A strain NG80-2 of G. thermodenitrificans was isolated following an enrichment culture of a sample from a deep oil reservoir in China, in the presence of crude oil, at 73 °C. This strain could degrade C15–C36 n-alkanes, at an optimum temperature of 65 °C. However, no growth was observed with short-chain n-alkanes (C8–C14), and those >C40. Interestingly, as will be discussed in Section 3.3.1, alkB, a gene encoding the enzyme system responsible for the first step of the degradation of n-alkanes, was not found in this strain [32] (ST9); instead, a novel alkane monooxygenase, LadA, was identified [33]. In a different study, various species of Geobacillus (G. thermoleovorans strain 27, Geobacillus caldoxylosilyticus 17, Geobacillus pallidus 2, Geobacillus toebii 1, Geobacillus sp. 3) that degrade n-hexadecane have been isolated following an enrichment of contaminated soil samples. In that study, evidence indicated that the expression of alkB gene was induced by n-hexadecane [34] (ST10). The use of the same substrate, n-hexadecane, in the enrichment of a medium containing an inoculum from Dongxin oil reservoir, China, led to the isolation of a thermophilic bacterium TH2, that was able to degrade petroleum hydrocarbons, mainly n-alkanes, at an optimum temperature of 70 °C [35] (ST11). In that study, species identification was not carried out.
Recently, Tourova et al. reported three strains, G. toebii B-1024, Geobacillus sp. 1017 and Aeribacillus pallidus 8m3, capable of degrading C10–C30 n-alkanes [36] (ST12). The alkB gene, encoding rubredoxin-dependent alkane monooxygenase, was found in these three strains, while another gene, ladA gene, which codes for flavin-dependent alkane monooxygenase, was only present in the strains B-1024 and 1017 [36]. That study revealed (as will be discussed in Section 3.3.1), for the first time, the simultaneous presence of alkB and ladA genes, responsible for oxidation of medium-chain and long-chain n-alkanes [36]. In addition, the genome of Geobacillus sp. 1017 was sequenced, and several key genes associated with the degradation of petroleum hydrocarbons have been identified [37].
In the aforementioned studies, bacteria were isolated following enrichment in the presence of hydrocarbons. However, in 2006, hydrocarbon degrading bacteria were isolated using an alkJ probe, an alkane hydroxylase gene involved in the degradation of n-alkanes [38] (ST13). Bacteria in volcanic samples from Greece were first cultured in rich media in a temperature range of 60–80 °C, and around 150 strains were isolated. Thereafter, genetic investigations using the alkJ probe led to the identification of 10 strains, and four were G. thermoleovorans, three G. stearothermophilus, two Geobacillus anatolicus and one Bacillus aeolius [38]. Further studies confirmed that these strains could utilize long-chain n-alkane compounds from crude oil [38]. As will be discussed in Section 4.1.2, the use of genetic approaches provides an alternative to the selection and isolation of PHDT.
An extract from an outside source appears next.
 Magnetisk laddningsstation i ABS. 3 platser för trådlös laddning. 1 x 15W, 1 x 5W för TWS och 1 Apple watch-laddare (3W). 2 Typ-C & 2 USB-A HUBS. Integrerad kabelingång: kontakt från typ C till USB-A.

2.2. Monocyclic Aromatic Hydrocarbons (MAHs)

The first evidence of MAH biodegradation was provided in 1974. A strain of G. stearothermophilus PH24 was selected from industrial sediment and grew at 55 °C in the presence of phenol. Further studies indicated that, in addition to phenol, this strain could also degrade catechol, at an optimum temperature of 50 °C [39] (ST14). Evidence was also provided that this strain could cleave catechol at the meta-position. A year later, the same strain was shown to degrade other MAHs including o-, m- and p-cresol, 3-methylcatechol and 4-methylcatechol [40,41] (ST15).
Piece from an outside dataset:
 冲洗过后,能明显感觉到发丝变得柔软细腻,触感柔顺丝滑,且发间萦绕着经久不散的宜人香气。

Using soil that had been pasteurized for 10 min at 80 °C, Adams and Ribbons isolated a strain of G. stearothermophilus IC3 by enrichment in the presence of phenol and m-cresol. In addition to m-cresol and phenol, this strain could also utilize benzoic acid, and the degradation of phenol led to catechol, followed by cleavage at the meta-position [42] (ST16). A year later, another phenol-degrading G. stearothermophilus strain BR219 was isolated (by enrichment in the presence of phenol), using river sediment from the USA (ST17) [43]. Further investigation led to the characterization of phenol hydroxylase, the first enzyme involved in phenol degradation [44].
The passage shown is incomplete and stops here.